Hardware event. This is not a software error.
MCE 0
CPU 0 BANK 6
MISC 3880000086 ADDR fef20080
TIME 1548375775 Thu Jan 24 16:22:55 2019
MCG status:
MCi status:
Error overflow
Uncorrected error
MCi_MISC register valid
MCi_ADDR register valid
Processor context corrupt
MCA: corrected filtering (some unreported errors in same region)
Generic CACHE Level-2 Generic Error
STATUS ee2000000040110a MCGSTATUS 0
MCGCAP c0a APICID 0 SOCKETID 0
MICROCODE c6
CPUID Vendor Intel Family 6 Model 94
Hardware event. This is not a software error.
MCE 1
CPU 0 BANK 7
MISC 3880000086 ADDR fef200c0
TIME 1548375775 Thu Jan 24 16:22:55 2019
MCG status:
MCi status:
Error overflow
Uncorrected error
MCi_MISC register valid
MCi_ADDR register valid
Processor context corrupt
MCA: corrected filtering (some unreported errors in same region)

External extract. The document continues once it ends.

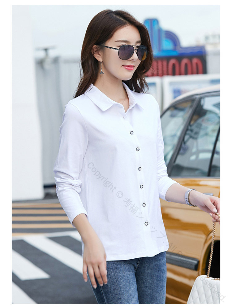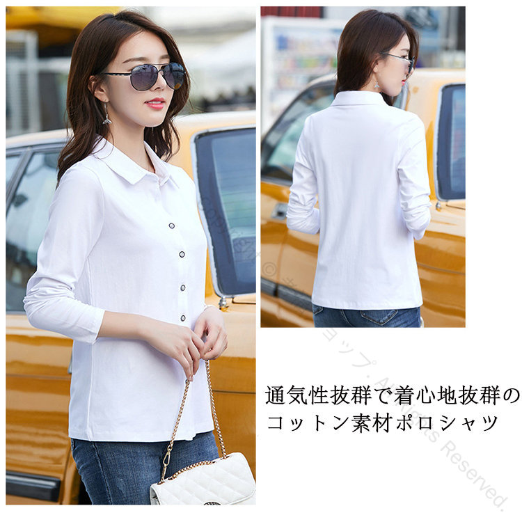 ポロシャツ レディース 長袖 シャツ ゴルフウェア トップス カットソー 大きいサイズ ゆったり 前開き 無地 薄手 綿 コットン 秋 白 ボタン付き 介護 仕事 ゴルフ スポーツ ユニフォーム 制服

Generic CACHE Level-2 Generic Error
STATUS ee2000000040110a MCGSTATUS 0
MCGCAP c0a APICID 0 SOCKETID 0
MICROCODE c6
CPUID Vendor Intel Family 6 Model 94
Hardware event. This is not a software error.
MCE 2
CPU 0 BANK 8
MISC 3880000086 ADDR fef20000
TIME 1548375775 Thu Jan 24 16:22:55 2019
MCG status:
MCi status:
Error overflow
Uncorrected error
MCi_MISC register valid
MCi_ADDR register valid
Processor context corrupt
MCA: corrected filtering (some unreported errors in same region)

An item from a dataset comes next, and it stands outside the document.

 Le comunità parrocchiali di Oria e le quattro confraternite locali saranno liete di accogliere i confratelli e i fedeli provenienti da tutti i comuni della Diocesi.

Generic CACHE Level-2 Generic Error
STATUS ee2000000040110a MCGSTATUS 0
MCGCAP c0a APICID 0 SOCKETID 0
MICROCODE c6
CPUID Vendor Intel Family 6 Model 94
Hardware event. This is not a software error.
MCE 3
CPU 0 BANK 9
MISC 3880000086 ADDR fef20040
TIME 1548375775 Thu Jan 24 16:22:55 2019
MCG status:
MCi status:
Error overflow
Uncorrected error
MCi_MISC register valid
MCi_ADDR register valid
Processor context corrupt
MCA: corrected filtering (some unreported errors in same region)
Generic CACHE Level-2 Generic Error
STATUS ee2000000040110a MCGSTATUS 0
MCGCAP c0a APICID 0 SOCKETID 0
MICROCODE c6
CPUID Vendor Intel Family 6 Model 94

The sleepgraph timeline for this run is attached (this info is in the log as well).

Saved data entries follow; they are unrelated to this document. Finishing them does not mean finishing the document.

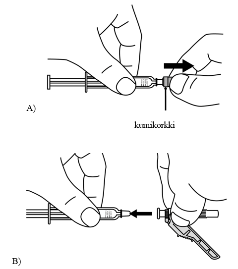 - Vedä kumikorkki irti ruiskun päästä (A).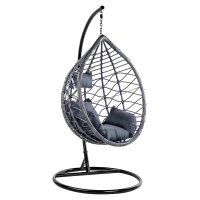 FOTEL OGRODOWY WISZĄCY KOKON DUŻY KOSZ KORFU CZARNY Z PODSTAWĄ PODUSZKA OKRĄGŁA SZARA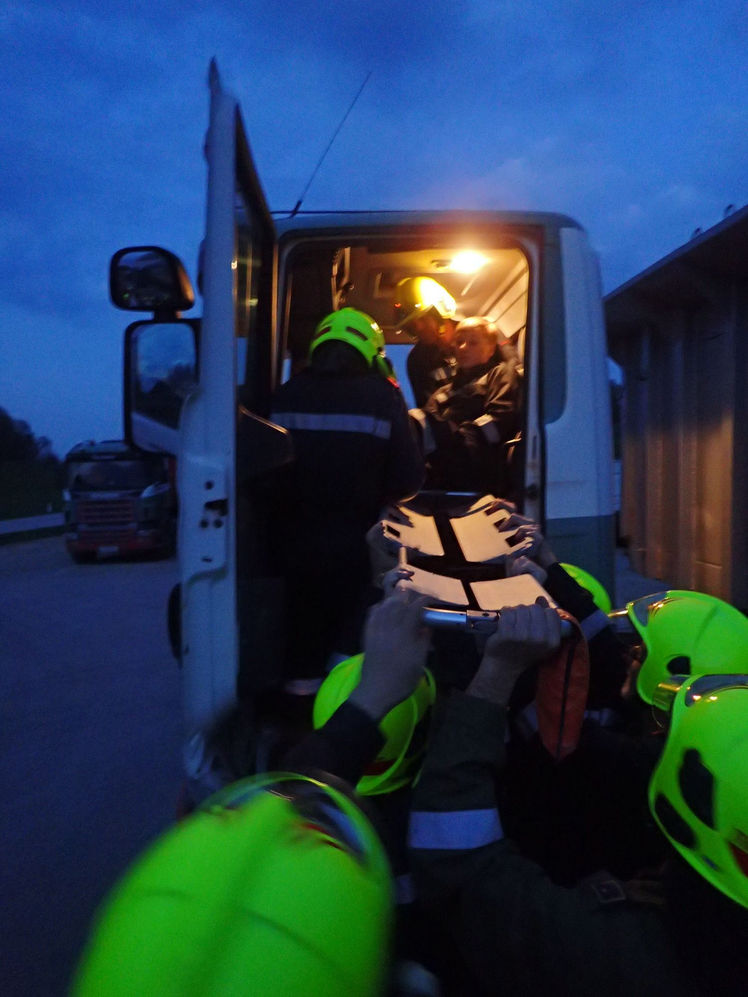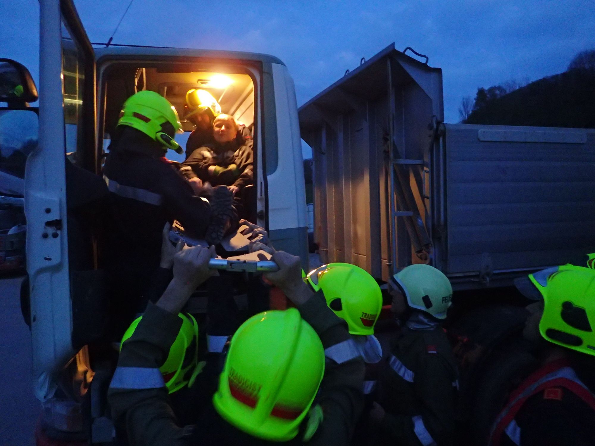 Im Anschluss wurde noch die Personenrettung aus einem LKW mittels Schaufeltrage geübt.

Comment 1 Todd Brandt 2019-01-25 01:05:48 UTC
Created attachment 280751 [details]
boot dmesg
Comment 2 Len Brown 2019-01-25 01:10:50 UTC
Boot dmesg shows MCE also, at different offsets on this page: fef20000

Not immediately clear what is at that address...

[    0.218029] smpboot: CPU0: Intel(R) Core(TM) i7-6820HQ CPU @ 2.70GHz (family: 0x6, model: 0x5e, stepping: 0x3)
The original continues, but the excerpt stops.